Vom Elite-Phänomen zum Mainstream

Die "Young British Artists" sind in Großbritannien inzwischen so populär wie Hollywoodstars.


Im Mai 2000 hat London ein neues Wahrzeichen bekommen: Die Tate Modern am Südufer der Themse. Damit hat sich die Stadt eingeklinkt in den großen internationalen Museums-Bauboom.

Das Beispiel Guggenheim Bilbao hat ja international Schule gemacht: Ein spektakuläres Museum von einem Superstar-Architekten bringt so viel Standortvorteil wie sonst fast gar nichts. Bei der Tate Modern ist das Rezept eindrucksvoll aufgegangen. Nach den Plänen des Schweizer Baukünstler-Duos Herzog und De Meuron wurde ein ehemaliges Kraftwerk zu einem der weltweit größten Museen Moderner Kunst umgebaut.

7,5 Millionen Besucher

Tate Modern / ©Bild: APA
Tate Modern / ©Bild: APA

Die Sensation: seit nicht einmal zwei Jahren haben über 7,5 Millionen Menschen (!) die Tate Modern von innen gesehen. Das Gedränge an stark besuchten Wochenenden kann man sich vorstellen. Übrigens sind 70 Prozent der Neugierigen Briten.

Das Land erlebt seit den 90er Jahren eine weltweit einzigartigen Hype rund um moderne Kunst. "Früher waren wir ein Volk von Philistern, was das betrifft - aber jetzt sind Mondrian oder Cézanne für die Leute mainstream", meint eine Kuratorin der "Tate Modern".

"Young British Artists"

Es waren die Aufsehen erregenden Arbeiten der so genannten "Young British Artists", die die Massen in die Kunsträume zogen. Damien Hirst zum Beispiel ließ tote Kälber oder einen Haifisch in Vitrinen mit Formaldehyd schwimmen.
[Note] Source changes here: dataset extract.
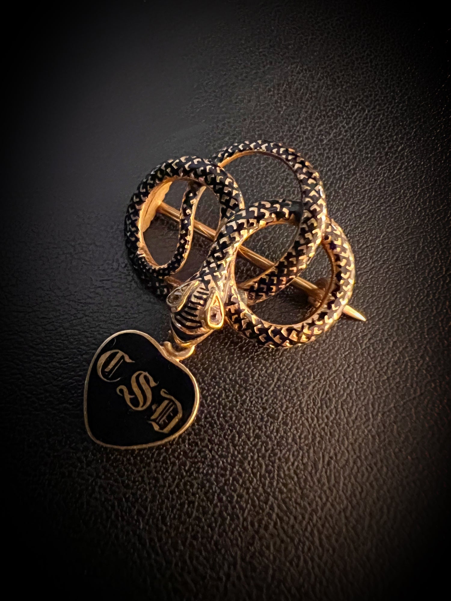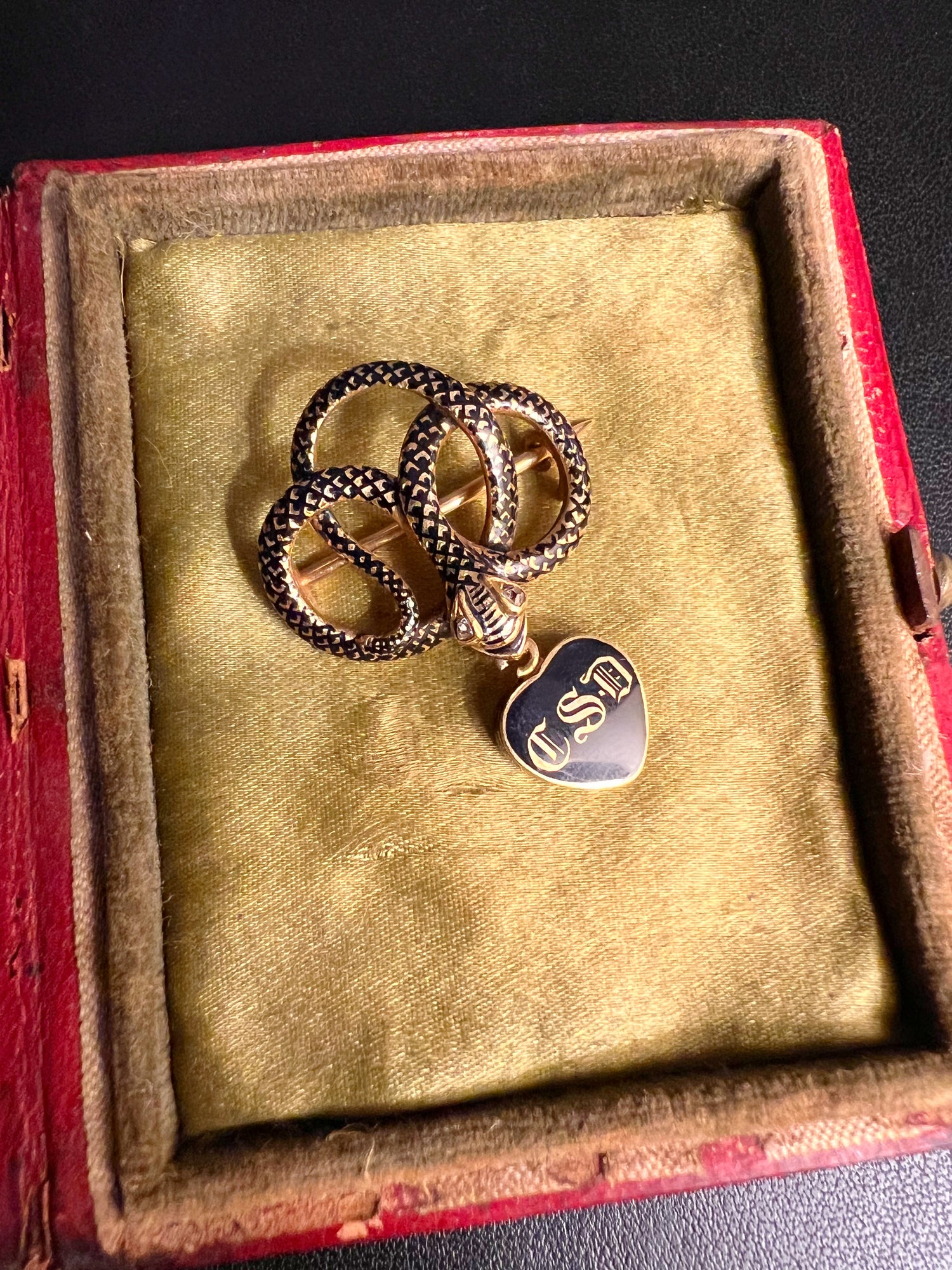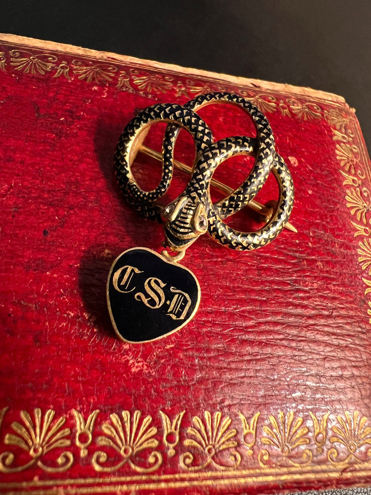 A Georgian mourning snake brooch with wonderful black crosshatch enamel.

Jake und Dinos Chapman modellierten Kindermonster, denen im Gesicht statt der Nasen und Münder Geschlechtsteile wachsen. Tracey Emin stellte ihr zerwühltes, fleckiges Bett aus. Über diese Künstler wird auch in den Klatschspalten berichtet.

"Creative Industries"

Die Labourregierung hat den britischen Kunst- und Kreativboom der letzten 10 Jahre längst in politisches Kapital umgemünzt - unter dem Schlagwort "Creative Industries". Darunter fällt so ziemlich jede Art von kultureller Produktion und deren Vermarktung - vom Theater bis zum Internetdesign, von der Architektur bis zur Musikindustrie.

Man erkannte, dass die "Creative Industries" heute einen nicht unerheblichen Teil der Wirtschaftskraft eines Landes ausmachen. Denn durch die gezielte Förderung dieses Sektors entstehen Arbeitsplätze. Und überdies werden städtische Problemgebiete aufgewertet, wenn sich Kreative dort ansiedeln.

Beispiel Manchester

Manchester, früher ein abgewirtschafteter Industrie-Standort mit hoher Arbeitslosigkeit, gilt jetzt als Herzeige-Modell dieses Trends. Eine öffentlich geförderte Agentur, das "Cultural Industry Development Service", unterstützt die Künstler und Kreativen mit Information, Kontakten und Vermittlung ins Ausland.

Burgenland-Studie

Auch in Österreich werden solche Strategien schon vereinzelt aufgegriffen. Das Land Burgenland hat eine Studie zur Kreativwirtschaft erstellen lassen - und es zeigte sich, dass in diesem Bereich fast soviel Umsatz erzielt wird wie im Einzelhandel.